The BOJ says the economic recovery under way in China gives some useful pointers to what lies ahead for the rest of the world. In particular, the early lockdown to contain the virus in China enabled a rapid return to work, and the initial rebound in economic activity there was fairly fast, even though the recovery has been uneven, as service sector activity is more subdued.

Regarding the United States, the BOJ said that country appears to be in its peak phase of the epidemiological curve for COVID-19, and the federal government has given state governors guidance on reopening their economies in the coming months.

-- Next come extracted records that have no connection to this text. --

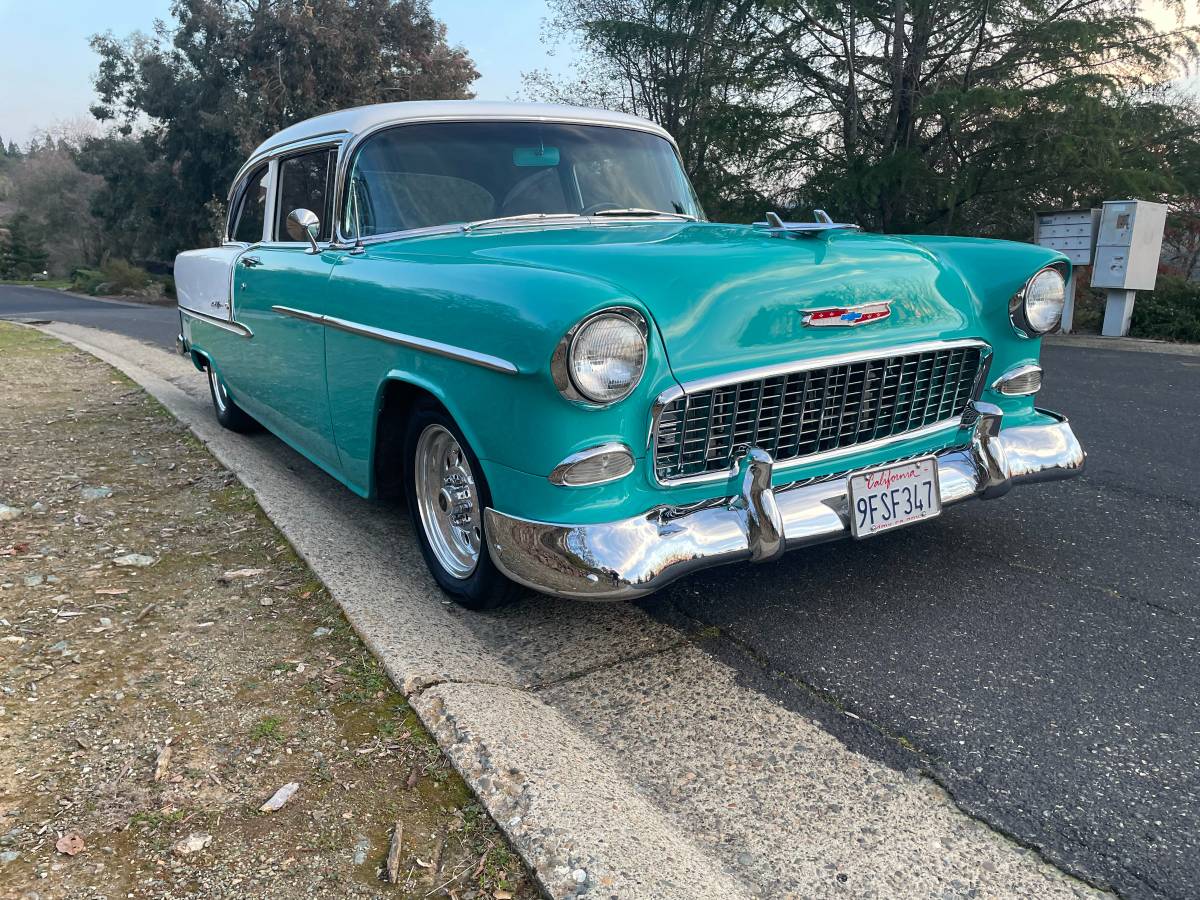 1955 chevy Belair, 2DR, Sedan, 327/400 automatic, AC, P steering, P Brakes, P Windows, Tilt Wheel, Very straight Body, Paint is a 10 and Interior is a 10. LA Built, calif car. ** Runs and drives Excellent. ** NO RUST ** Smooth and comfortable ride, 11 inch tires on rear, Body has notd been cut, NO RUST !! Thank you for looking, Please call or text 916--7-one--two--39--one--six ** CAR IS LOCATED NEAR SACRAMENTO CALIF. ** ford, mustang, chevelle, nova, corvette, impala, camaro, 1932,1933,1934,1936,1939,1940,1948,1949,1950,1952,1953,1954,1956,1957,1958,1959,1960,1961,1962,1963,1964,1965,1966,1967,1968,1969,1970,1971,1972,1973,1974.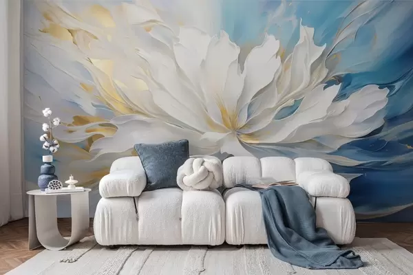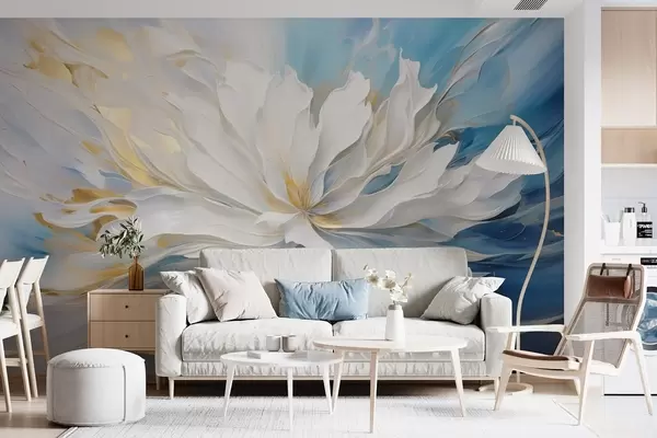 Murais de parede Grande peônia branca em estilo pintura a óleo sobre fundo azul-amarelo Nr. w09511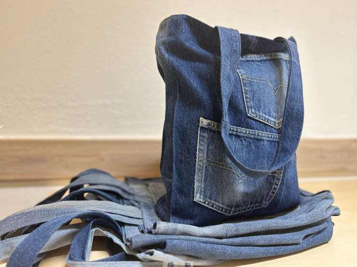 Initiativet kommer från Syverkstaden i Maria kyrka i Järfälla församling där kvinnor i arbetsträning tagit fram denna väska tillverkad av denimtyg som samlats in för återbruk av Kappahl Group.
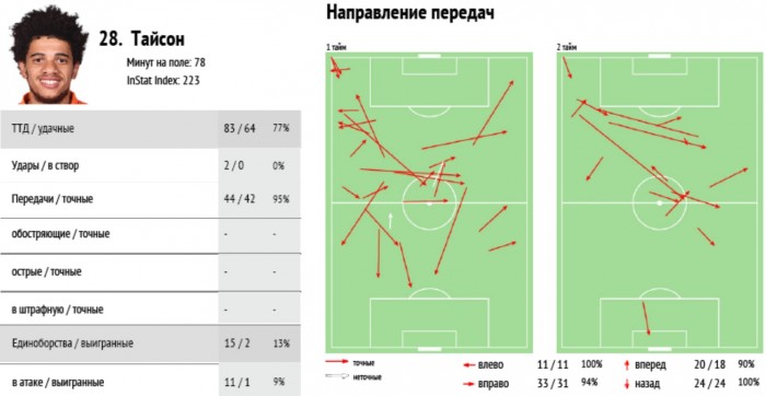 После первого полуфинального матча критики Луческу удостоился Тайсон, не сыгравший, по его словам, во Львове «и на половину своих возможностей». Отчасти это относится и к ответному поединку. Однако основная заслуга в этом принадлежит соперникам. Как креативный игрок атаки, в Севилье Тайсон справлялся с возложенными на него обязанностями. По данным InStat Football, на его счету 44 передачи, выполненных с точностью 95% – более чем достойный показатель. Причем эффективность его передач, направленных вперед, составила 90%.

“Based on the fact that the SARS outbreak lasted approximately six months and that China, where the virus first appeared, was able to start easing lockdown measures by end-March 2020, there is support for the possibility that the COVID-19 outbreak will be contained by end-June 2020 and that global economies will gradually reopen subsequently,” the central bank said.

“Despite this, levels of economic activity in much of the global economy will remain below those observed in the December 2019 quarter due to the likely controlled reopening of certain sectors,” it added.

The BOJ said the risks to that outlook are skewed to the downside as there is still no effective treatment for the virus or a vaccine. “Therefore, a return of aggressive containment measures in the second half of 2020 is not ruled out,” the central bank said.